John Craig had a brother Thomas Craig. His son, the younger John Craig (died 1655), was also a physician. Thomas Overbury requested the services of "young Craig" (John Craig (died 1655)) as a physician when he was a prisoner in the Tower of London in April 1613. He attended the sick bed of King James in 1625. He criticised treatments suggested by Mary Villiers, Countess of Buckingham. For his speeches to the Countess, Craig was ordered to leave court.

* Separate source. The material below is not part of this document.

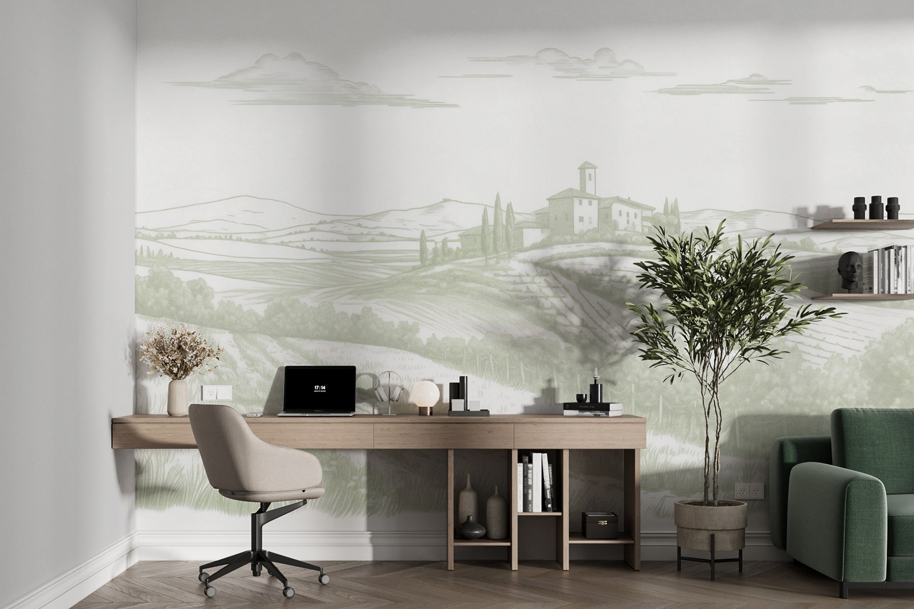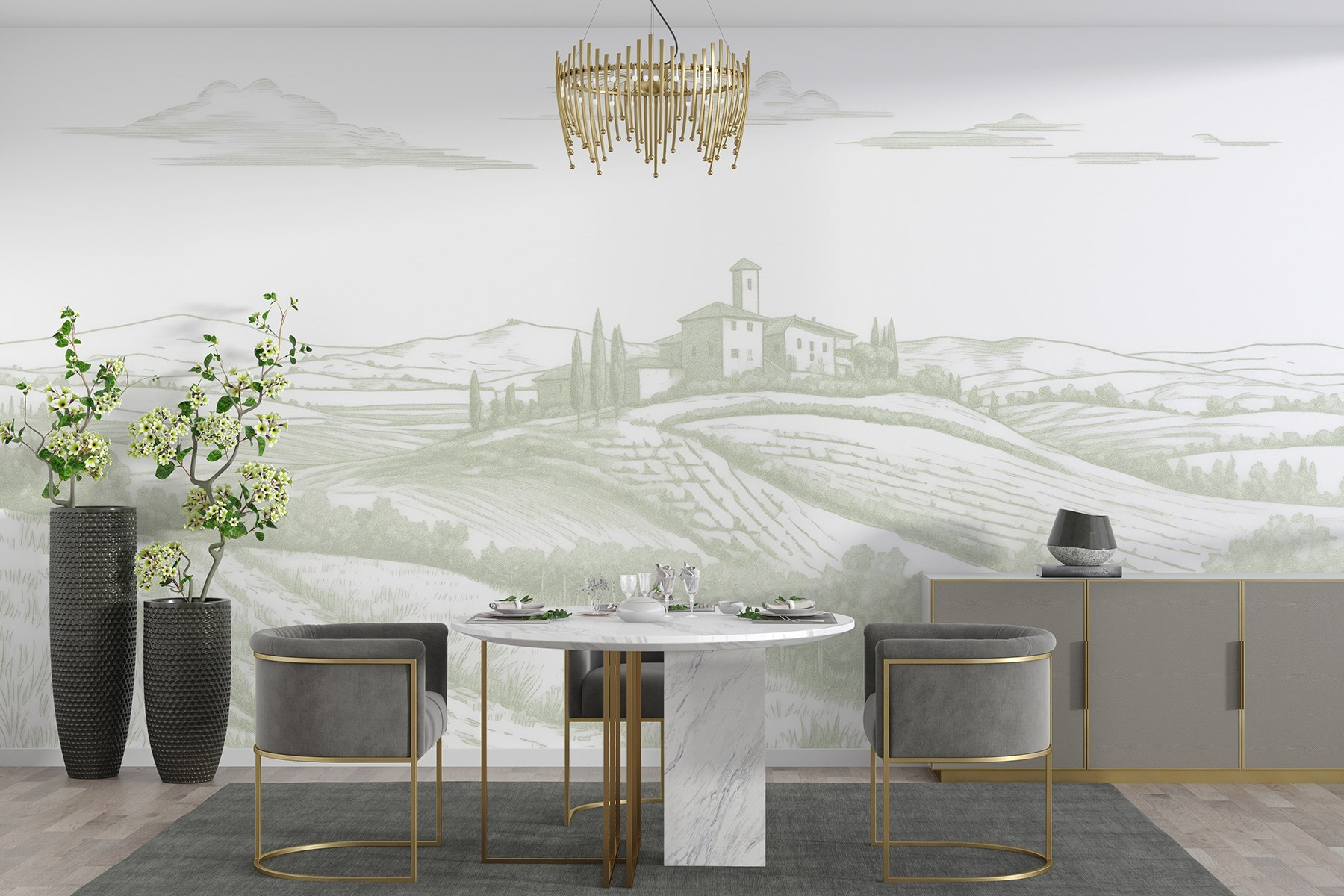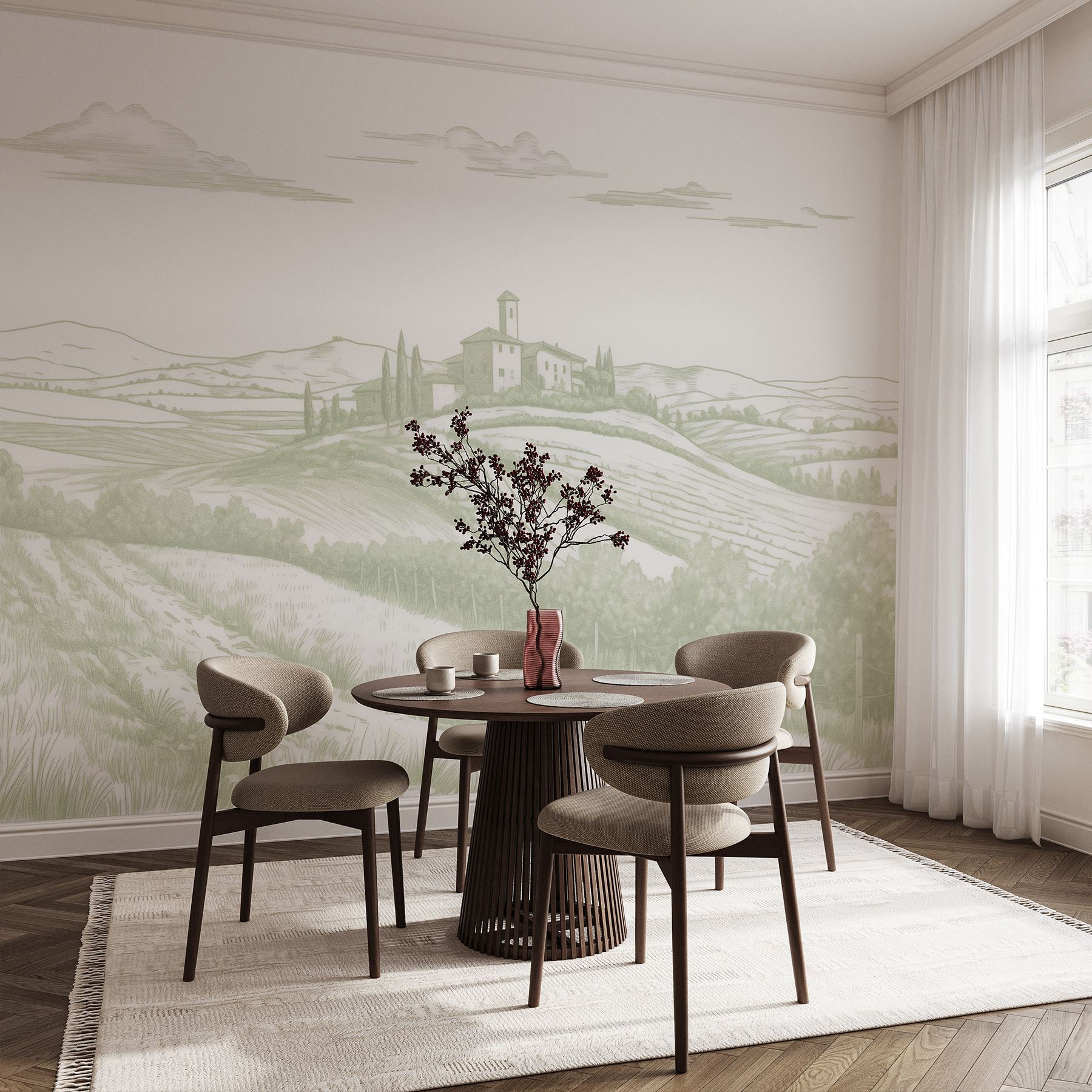 Μεταμορφώστε οποιοδήποτε δωμάτιο σε μια ειρηνική απόδραση με αυτή την όμορφη τοιχογραφία τοίχου με ένα γαλήνιο τοπίο. Φανταστείτε αυτούς τους ήπιους λόφους, ένα γοητευτικό σπίτι που αγκαλιάζει το τοπίο και τα χωράφια που απλώνονται σαν μια ζεστή αγκαλιά. Προκαλεί αυτό το ονειρεμένο ταξίδι του Σαββατοκύριακου στην εξοχή – ιδανικό για να κάνετε την καθημερινότητα να αισθάνεται λίγο λιγότερο, καλά, αηδιαστική. Οι απαλές αποχρώσεις προσδίδουν μια ηρεμία στην οποία είναι δύσκολο να αντισταθείς. Είναι σαν να προσκαλείτε τον καθαρό αέρα και την ηρεμία της φύσης μέσα στο σπίτι σας, χωρίς τις αλλεργίες και τα τσιμπήματα των εντόμων. Ποιος δεν θα ήθελε ένα μικρό κομμάτι του παραδείσου για να το κοιτάζει πίνοντας τον καφέ του;

==Astronomy and mathematics==
Craig was an academic in Germany for an extended period. He was in Königsberg in 1569, and in 1570 as a medical student under Caspar Peucer. He was in Frankfurt-on-Oder in 1573, teaching mathematics and logic. Paul Wittich taught him astronomy at the University of Frankfurt (Oder) in 1576. John Craig owned a copy of Copernicus' De Revolutionibus Orbium Coelestium (1566 edition). He made notes from the lectures of Paul Wittich in this book. It was later owned by James Douglas of Whittinghame and is now held by the University of Edinburgh. Aberdeen University has a similar volume with Duncan Liddel's notes from Wittich lectures.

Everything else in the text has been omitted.